Multiply f by each term inside the parentheses.

f(x)=3x-4_g(x)=x+2_g(fx)

 

Multiply g by each term inside the parentheses.

f(x)=3x-4_g(x)=x+2_fgx

 

Compose the result function for fgx by replacing the function designators with the actual functions.

(3x-4)(x+2)x

 

Multiply each term in the first group by each term in the second group using the FOIL method. FOIL stands for First Outer Inner Last, and is a method of multiplying two binomials.  First, multiply the first two terms in each binomial group.  Next, multiply the outer terms in each group, followed by the inner terms.  Finally, multiply the last two terms in each group.

x(3x*x+3x*2-4*x-4*2)

 

Simplify the FOIL expression by multiplying and combining all like terms.

x(3x^(2)+2x-8)

 

Multiply x by each term inside the parentheses.

3x^(3)+2x^(2)-8x

 

Now (F*G)(2)=3*2+2 = 8

 

 

2.

F(x)=√x  and g(x)=x-1

 

f(x)=√(x)

 

The domain of an expression is all real numbers except for the regions where the expression is undefined.  This can occur where the denominator equals 0, a square root is less than 0, or a logarithm is less than or equal to 0.  All of these are undefined and therefore are not part of the domain.

(x)<0

 

Solve the equation to find where the original expression is undefined.

x<0

 

The domain of the rational expression is all real numbers except where the expression is undefined.

[0, ,∞)

 

f(x)=x-1

 

The domain of the rational expression is all real numbers except where the expression is undefined.  In this case, there is no real number that makes the expression undefined.

All real numbers

 

 

3.

F(x)= f(x)=√(84-6x)

 

The domain of an expression is all real numbers except for the regions where the expression is undefined.  This can occur where the denominator equals 0, a square root is less than 0, or a logarithm is less than or equal to 0.  All of these are undefined and therefore are not part of the domain.

(84-6x)<0

 

Solve the equation to find where the original expression is undefined.

x=14

 

The domain of the rational expression is all real numbers except where the expression is undefined.

(-∞,14) U (14,∞)

 

4.

F(x)=x^3+2

f(x)=x^(3)+2

 

To find the inverse of the function, interchange the variables and solve for f^(-1)(x).

x=f^(-1)(x)^(3)+2

 

Since f^(-1)(x) is on the right-hand side of the equation, switch the sides so it is on the left-hand side of the equation.

f^(-1)(x)^(3)+2=x

 

Since 2 does not contain the variable to solve for, move it to the right-hand side of the equation by subtracting 2 from both sides.

f^(-1)(x)^(3)=-2+x

 

Move all terms not containing f^(-1)(x) to the right-hand side of the equation.

f^(-1)(x)^(3)=x-2

 

Take the cube root of both sides of the equation to eliminate the exponent on the left-hand side.

 

 

f^(-1)(x)=√3:(x-2)

 

 

 

 

1.

Distance between points

(5,1),(8,5)

 

Use the distance formula to determine the distance between the two points.
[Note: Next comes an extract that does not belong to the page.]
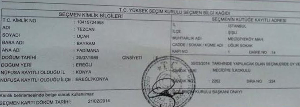 Çevre illerden Şişli'ye getirilerek buralarda oy kullanmaları planlanan bin kadar sahte seçmen için gönderilen YSK Seçmen Bilgi Kağıdı polisin eline geçti. Emniyet sahte seçmenleri sandık başında yakalayacak.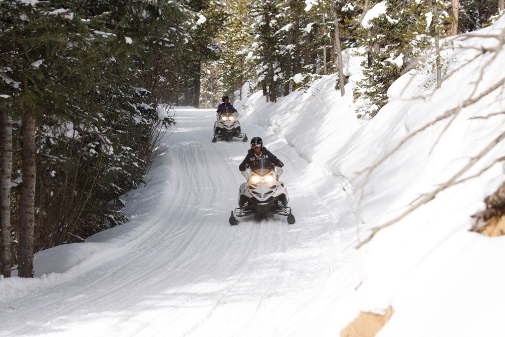 No snowmobiling is allowed in or around Warm Springs Ranch.

distance=√((x2-x1)^(2)+(y2-y1)^(2))

 

Substitute the actual values of the points into the distance formula.

distance=√((8-(5))^(2)+(5-(1))^(2))

 

Multiply -1 by the 5 inside the parentheses.

distance=√((8-5)^(2)+(5-(1))^(2))

 

Subtract 5 from 8 to get 3.

distance=√((3)^(2)+(5-(1))^(2))

 

Expand the exponent (2) to the expression.

distance=√((3^(2))+(5-(1))^(2))

 

Squaring a number is the same as multiplying the number by itself (3*3).  In this case, 3 squared is 9.

distance=√((9)+(5-(1))^(2))

 

Multiply -1 by the 1 inside the parentheses.

distance=√((9)+(5-1)^(2))

 

Subtract 1 from 5 to get 4.

distance=√((9)+(4)^(2))

 

Expand the exponent (2) to the expression.

distance=√((9)+(4^(2)))

 

Squaring a number is the same as multiplying the number by itself (4*4).  In this case, 4 squared is 16.

distance=√((9)+(16))

 

Remove the parentheses that are not needed from the expression.

distance=√(9+16)

 

Add 16 to 9 to get 25.

distance=√(25)

 

Pull all perfect square roots out from under the radical.  In this case, remove the 5 because it is a perfect square.

distance=5 units

 

 

(10,4) and (2,6)

 

(10,4),(2,6)

 

Use the midpoint formula to find the midpoint of the line segment.

((x1+x2)/(2) , (y1+y2)/(2))

 

Substitute in the values for (x1,y1) and (x2,y2).

((10+2)/(2),(4+6)/(2))

 

Add 2 to 10 to get 12.

((12)/(2),(4+6)/(2))

 

Reduce the expression (12)/(2) by removing a factor of 2 from the numerator and denominator.

(6,(4+6)/(2))

 

Add 6 to 4 to get 10.

(6,(10)/(2))

 

Reduce the expression (10)/(2) by removing a factor of 2 from the numerator and denominator.

(6,5)

 

3.

Equation OF Circle

 

(x-(-3))^2+(y-5)^2=3^2

(x+9)^2+(y-5)^2=9

 

X^2+y^2 + 18x -10y + 97=0

 

 

4.

X^2+y^2+8x+4y+16=0

(X+4)^2 + Y^2 + 4Y + 4 – 4 =0

(X+4)^2+(Y+2)^2 = 2^2

 

 

Radius = 2 units

 

 

8.

 

f(x)=2x^(2)-7x-4

 

Replace f(x) with y to find the properties of the parabola.

y=2x^(2)-7x-4

 

To create a trinomial square on the left-hand side of the equation, add a value to both sides of the equation that is equal to the square of half the coefficient of x.  In this problem, add (-(7)/(4))^(2) to both sides of the equation.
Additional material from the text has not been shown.